-
Notifications
You must be signed in to change notification settings - Fork 0
GSoC 2015 Proposal: Cross validation and Meta estimators for Semi supervised Learning
- Name: Boyuan Deng
- Email: bryanhsudeng@gmail.com
- Telephone: 008618906286868
- Time zone: Central European Time (UTC+1)
- IRC handle including network: bryandeng@irc.freenode.net
- Source control username: bryandeng on Github
- Twitter: @boyuandeng
- Blog: http://boyuandeng-gsoc2015.blogspot.de
- GSoC Blog RSS feed: http://boyuandeng-gsoc2015.blogspot.com/feeds/posts/default
- University: Saarland University (Universität des Saarlandes)
- Major: Erasmus Mundus LCT (mainly natural language processing, also doing machine learning and information retrieval at Max-Planck Institute for Informatics. And after GSoC I’ll move to another university as arranged by the program.)
- Current Year and Expected Graduation date: Year 1, expected to graduate in latter half of 2016.
- Degree: MSc
KDD Cup 2013 - Author-Paper Identification Challenge (Track 1) 6th/554
Though being the de facto statistical machine learning library for Python, scikit-learn’s capabilities on semi-supervised learning are still not fully established.

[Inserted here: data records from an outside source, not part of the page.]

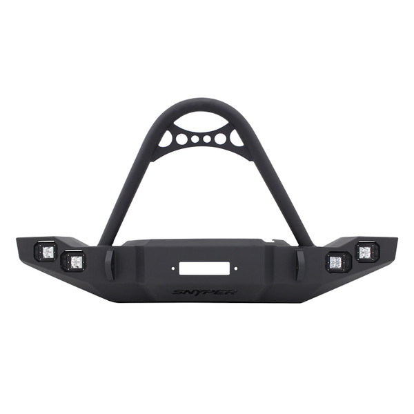 Snyper Marksman Stinger Front Bumper is a full width off-road winch bumper with welded stinger for Jeep JK. Made of 7 gauge steel and is pre-drilled for winch (up to 10.25 tall) mounting. Features four (4) openings for mounting flush mount LED auxiliary lights 1 thick shackle mounts and a laser-cut Snyper logo.
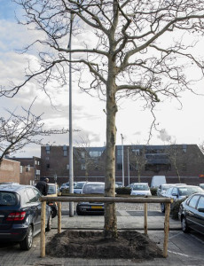 Allemaal tijdelijk, de bomen komen straks in een plantsoen, zegt de gemeente. Maar ze zijn nu verhuisd omdat dat zomers niet kan. Een gewoon mens zou dan een bestaand plantsoenplekje zoeken. Wie op de Emmastraat rondkijkt weet dat zo te vinden maar dan moet je wel kijken. Óp Twitter schreef iemand nog dat het een mooie boom is. Dat vindt iedereen, maar wel op een verkeerde plek.
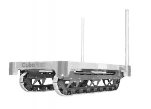 既存のキャスター台車に取り付けることで、不整地での運搬を可能にする平床台車用クローラ。
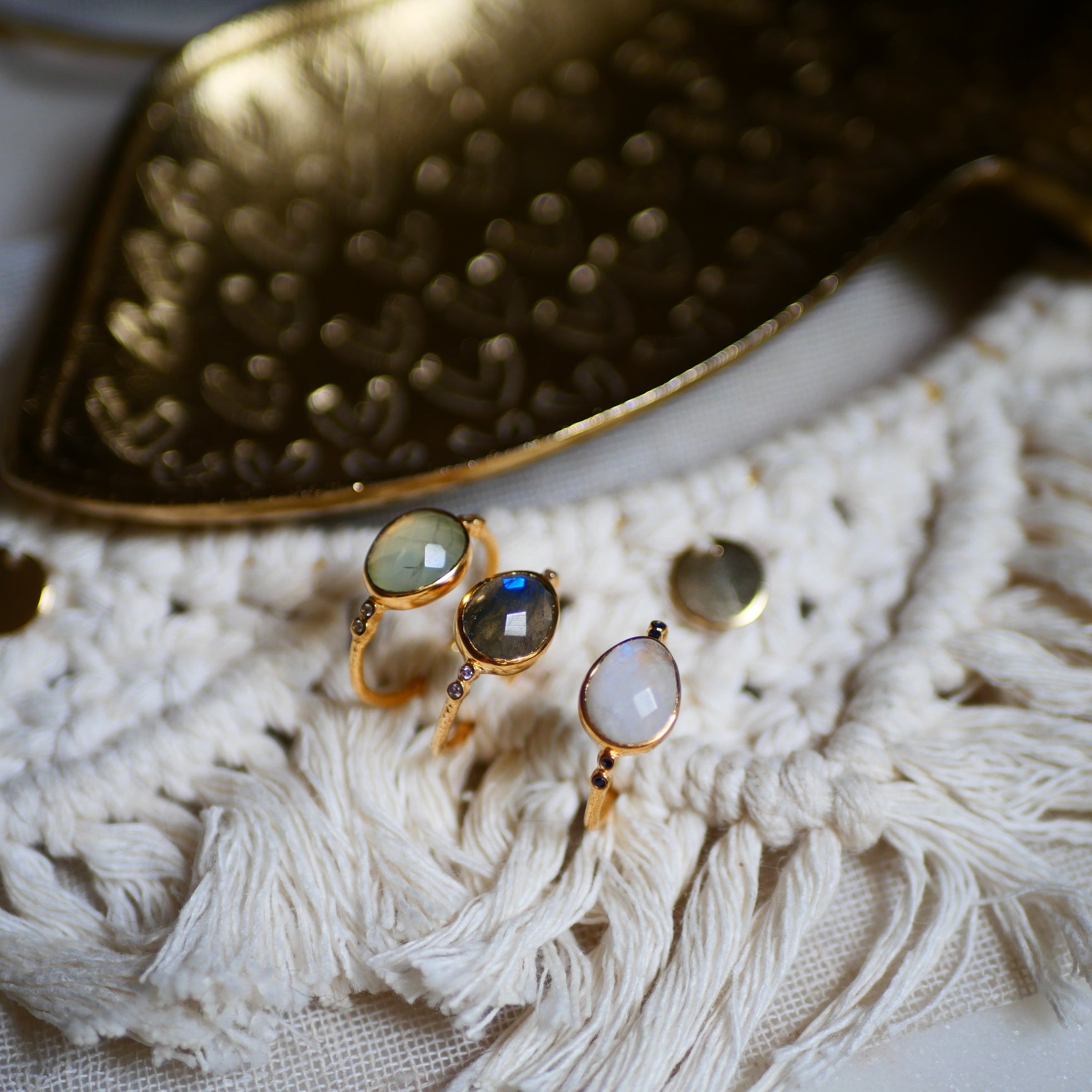 Bague en laiton doré or 2 microns 18 carats réglable de la taille 54 à 62, ornée de zircons et d'une pierre au choix : Pierre de Lune arc-en-ciel (aussi appelée Labradorite blanche ou Peristérite), Labradorite ou Prehnite

The goal of this project is to provide new algorithm implementations for the sklearn.semi_supervised subpackage, improve existing ones and enable it to interact smoothly and correctly with other components. We particularly want to support cross validation for semi-supervised learning.
Currently the sklearn.cross_validation module is unaware of unlabeled data. When splitting the dataset, it blindly puts unlabeled data into testing set, which is meaningless and also confuses the scoring function.
We have to modify the current cross validation infrastructure to make it work correctly for semi-supervised algorithms (including newly added ones) and try to maintain backward compatibility (existing code for cross validation on supervised learning can run without modification).
Due to that we are going to modify the API for cross validation, this step should be done before new algorithm implementations.
If anyone will be doing the “Multiple Metric Support for Cross Validation and Gridsearches” project, then API designs need to be fully discussed with that participant and our mentors.
Until now sklearn.semi_supervised subpackage only provides graph-based label propagation algorithms.
There's still room for improvement on the existing implementations. For example, documentation and a closed form version presented in [2] to replace the current iterative framework.
We plan to implement more algorithms for sklearn.semi_supervised.
One example is the “self-taught learning” algorithm as specified in [1]. It’s generally a semi-supervised algorithm because it uses both labeled and unlabeled data, though the authors emphasize that labeled and unlabeled data don’t necessarily share the same distribution. So this algorithm is quite useful when only random unlabeled data can be obtained. In this situation label propagation won't work.
- Week 1 (May 25 - May 31) : API design (may start early in the community bonding period and along with other participants) .
- Week 2, 3 (Jun 1 - Jun 14) : Implement the new API for cross validation.
- Week 4, 5 (Jun 15 - Jun 28) : Continue implementation, write tests and update documentation. The new API should be mergeable at the end of this period.
- Week 6, 7 (Jun 29 - Jul 12) : Improve existing graph-based algorithms.
- Week 8, 9 (July 13 - Jul 26) : Implement new semi-supervised algorithms and write corresponding documentation.
- Week 10, 11 (July 27 - Aug 9) : Continue implementation and write tests.
- Week 12 (Aug 10 - Aug 16) : Improve documentation.
- https://github.com/scikit-learn/scikit-learn/pull/4409
- https://github.com/scikit-learn/scikit-learn/pull/4439
- Raina, Rajat, et al. "Self-taught learning: transfer learning from unlabeled data." Proceedings of the 24th international conference on Machine learning. ACM, 2007.
- Zhou, Dengyong, et al. "Learning with local and global consistency." Advances in neural information processing systems 16.16 (2004): 321-328.
- https://github.com/scikit-learn/scikit-learn/issues/1243
- https://github.com/scikit-learn/scikit-learn/issues/2593
- https://github.com/scikit-learn/scikit-learn/issues/4449
It’s actually still during teaching period (summer semester) in Germany when GSoC goes on. But there won’t be much course workload for me due to the extra credits I got earlier this year. And of course, I’m glad to work on weekends for GSoC. I have some exam(s) in August (or maybe in the last week of July).
On June 8-9, I’ll attend a meeting in Groningen, the Netherlands.